The Mudcat Café TM
Thread #12759   Message #3057855
Posted By: Artful Codger
20-Dec-10 - 11:19 AM
Thread Name: HTML Practice Thread
Subject: RE: Input conversion
Now, John contends that only a few users (like Amos) are entering text which will misdisplay. As a Mac user, with different native codepage mappings from Windows users, I know this to be false. I see many pages where folks are posting raw 8-bit characters instead of escaped characters, and the result is munged text to non-Windows users (or users in different locales). I don't know when the most recent auto-conversion changes were implemented, but within the last month or so I have seen postings entered in Cyrillic which were not converted to proper escapes. Presumably, if they had been received as Unicode, they would have been (like the fourth character in my test).
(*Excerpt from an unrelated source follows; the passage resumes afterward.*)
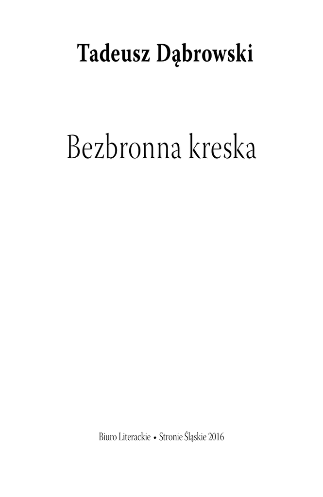 Tadeusz Dąbrowski Bezbronna kreska Biuro Literackie • Stronie Śląskie 2016 4 1 Z nacie dobrze ten obrazek z kreskówek i najlepszych filmów trzeciej kategorii: bohater płynący środkiem wielkiej rzeki na łódce, tratwie, albo uczepiony kawałka pnia, spostrzega nagle, że horyzont się urywa, że łagodnie wzmaga się szum opadającej z wysokości wody, rzeka jest zbyt głęboka, by wryć się dłońmi w dno, więc nasz zajączek, kowboj czy uczestnik familijnego pikniku zaczyna desperacko wiosłować w stronę brzegu, przegania wodę za siebie, ale woda jak na złość miękka, śliska, wodnista, szum się wzmaga i miesza z szumem krwi uderzającej do skroni, nasz bohater wie już, że nie zdąży, w ostatniej chwili godzi się na wodospad, nie liczy na wiele, ale jednak pojawia się w nim wątła nadzieja, że upadek będzie bezbolesny, że pogrąży się w czarnej toni z płucami pełnymi powietrza i po niedługim czasie wynurzy, dryfując ku zielonym zakolom. A co jeśli bohater jest sam sobie pniakiem, wodospadem i rzeką? Co jeśli jedyny wodospad, jaki zna, burczy mu teraz w żołądku, gdy siedzi na peronie i słyszy narastający szum tłumu i metra linii G, pchającego przed sobą kilka niewidzialnych wagonów stęchlizny? – Czy to jest jakaś aluzja do Malewicza? – zapytała głosem przypominającym tasiemkę. – Tak – odpowiedziałem odruchowo – to taka wariacja polskiej artystki na temat Czarnego kwadratu, dosyć bezlitosna, ale dowcipna, tak mi się wydaje, w każdym razie świetnie pasuje na okładkę mojej książki. 7 – To twoja książka? – tasiemka zafalowała w powietrzu. Dopiero teraz odwróciłem się w jej stronę i zeskanowałem w spokoju jej twarz z czułością i precyzją dłoni niewidomego. Miała dwadzieścia parę lat, oczy tak intensywnie niebieskie, że gdybym zobaczył je w filmie, na obrazie lub zdjęciu, uznałbym je za szczyt kiczu, rudawe brwi, wysokie czoło, nos lekko zadarty z dziurkami tak małymi, że nie mogą służyć do oddychania, są po prostu, by być i cieszyć, i śmieszyć, długie włosy w kolorze makaronu (jedno jajko na kilogram mąki), spięte niedbale w samurajski kok, i bladą skórę, jak piaszczysty pejzaż poprzecinany rzekami i rzeczułkami żył. – Tak, wiersze… To zawsze brzmi niezręcznie, jakby się człowiek przyznawał do jakiejś wstydliwej choroby. – Wspaniale, gratuluję. Mogę zerknąć? – Jasne. Poznałem parę dni temu aktora, nazywa się Steve, grał niewielką rolę w Skazanych na Shawshank, podwożąc mnie na lotnisko, kazał mi czytać na głos. „Czytaj po angielsku – mówił – nie pozwól nikomu robić tego za siebie, bo spieprzy sprawę, czytaj sam, będziesz miał lepszy kontakt z publicznością”. Najbardziej interesowała go wymowa słowa copulation. „Włóż w nie więcej energii – naciskał. – Czy było to zwykłe, techniczne pieprzenie, czy miałeś z tego chociaż trochę frajdy? Jeśli miałeś, daj mi to poczuć. No, jeszcze raz, trochę silniej i z większą wibracją w głosie!”. Dopiero w okolicach lotniska zorientowałem się, że Steve chciał mnie przelecieć. – Podczytuję sobie przed jutrzejszym spotkaniem – tłumaczę się, żeby jakoś zagadać ten nieznośny czas, gdy jej patyczkowate dłonie wertują moją książkę, gdy jej kiczowate oczy rozbierają mojego bohatera, mnie, do rosołu. 8 – Dlaczego zaciekawił cię Malewicz, masz coś wspólnego ze sztuką? – pytam, by nie dawać jej przewagi. – Skończyłam architekturę, robię doktorat, mamy ze znajomymi studio na Manhattanie, w Chelsea. Wreszcie pojawia się metro. – Architektura, wspaniale! – wciąż nie potrafię dobrze zagrać amerykańskiego entuzjazmu. – Miło było cię poznać – mówię z przyklejonym uśmiechem, biorę tomik z jej rąk i wsiadam do ostatniego wagonu absolutnie innymi drzwiami niż ona. Wstaję od komputera, idę do łazienki, przemywam twarz, przez chwilę szukam w lustrze nowych siwych włosów, nie dezerteruj, pisz, wracaj do biurka, jeśli wystraszysz się, przegrasz, pisz, a raczej spisuj, bo to wszystko już jest, nic nie wymyślaj, twoja zaokrąglona od żarcia i picia twarz przywołuje cię do porządku, twój nowy siwy włos każe ci wracać. Metalowa puszka – czy wagony robi się tu ze zrecyklingowanych puszek? – trzęsie się i przechyla na zakrętach jak bobslej. Nie patrzeć na drugi koniec, skupić się na popisie bezdomnego czarnoskórego komika, który wygłasza swój monodram o złym rządzie, kredytach i dyskryminacji rasowej bez najmniejszego zająknięcia, z perfekcyjnym wyczuciem czasu, dokładnie pomiędzy Nassau i Lorimer Street. Wysiadam, niesie mnie ludzka masa w stronę przystanku szarej linii, a pośród tej masy, tuż przede mną, podejrzanie pojedynczy obiekt – ona w swoim beżowym płaszczu, legginsach i białych płóciennych kapciach (inne określenie nie przychodzi mi do głowy) z odsłoniętymi piętami wielkości kurzych jaj (co ja z tymi jajami?). Nie mogłem tak iść za nią w ścisku, dysząc jej w kark, w pokrytą białym pierzem deltę kręgosłupa. Przyspieszyłem kroku i zostawiłem ją w tyle na pastwę innych zboczeńców. 9 Szare metro ruszyło, usiadłem między Chinką, rozmawiającą ze swoim iPodem, a młodym elegancikiem w spodniach w kant, brązowym kraciastym swetrze pod taliowaną marynarką, z paznokciami pokrytymi bezbarwnym lakierem. Facet był wyraźnie poirytowany, szukał swojego miejsca w świecie, ale gdy metro wjechało w czerń, jego GPS przestał działać. Po kilku minutach znów ją widzę, stoi trzy, cztery metry ode mnie, wie, że ją zauważyłem. Trzyma w ręce półlitrową kawę (kiedy zdążyła ją kupić?) i patrzy na mnie przez moment z ciepłą przekorą, jej zaczerwienione powieki otwierają się i zamykają w zwolnionym tempie jak wysuwane światła austina, w którym Steve udzielał mi bezinteresownie lekcji wymowy, nie ma najmniejszego zamiaru do mnie podchodzi

And presumably they appeared correct to the poster, both in the input box before posting and in the thread after posting. Conclusion: what YOU see (as an American or English Windows user), even in preview, is not necessarily what others will see. And a quick peek at source views will bear out what I'm saying. If it ain't escaped and it ain't 7-bit ASCII, it ain't right.

That said, why would text arrive natively encoded, in this age where Unicode transfer is the preferred method? I've got some ideas, but I don't have time to present them now.